Well, being a lawyer in a small town myself, and having several good friends who have those practices, let me tell you that like everything it's a double edged sword. Town I work in has 3000 people, county 19,000.

You'll do domestic relations work to start out because it pays the bills, but you quickly want out because you run into those people whose kids you took away in Wal-Mart and such. You'll never hit it too big as you'll not do much personal injury because 1) you don't keep the staff because you don't want the overhead, 2) you don't advertise much, 3) because people think that the big money cases take big city lawyers. However, what constitutes a lot of money in a town that size is a lot different from what constitutes a lot of money in a city, so you'll certainly be comfortable.

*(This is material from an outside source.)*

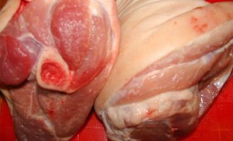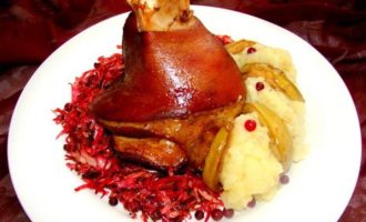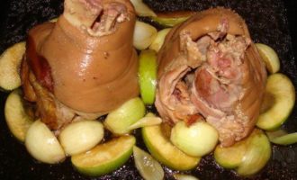 Выложить на противень, залить светлым пивом. Рядом разместить лук и яблоки из маринада. Запекать 30 минут при 180°С.

Of course, even collecting on your other cases can be hard, because the people don't have much money, or it's a friend, or a family member, or a friend of a friend, and you'll sometimes feel bad about pushing for collections. But if you're smart, you'll pick up a part time job - city attorney, municipal judge, for some easy income and more importantly the health care coverage. Your real money will come in knowing the bankers, realtors, etc. - they will send real estate deals your way, or let you know when stuff can picked up cheap because a person is about to go under or really needs out from under property.

As far as the jack-of-all-trades thing goes, it doesn't bother you much until you talk to a specialist. Then you spend the next week or so stressed thinking of all the cases you've handled with similar implications to the one he/she was talking about and how you had no clue X, Y, or Z was important.

As for regrets, you'll have them, they are just the inverse of the city attorneys. You could make more money in the city, you would be anonymous, there would be more to do outside of work, etc. Everything is a tradeoff, but you better like small town life. Or get yourself a condo in a city to escape to.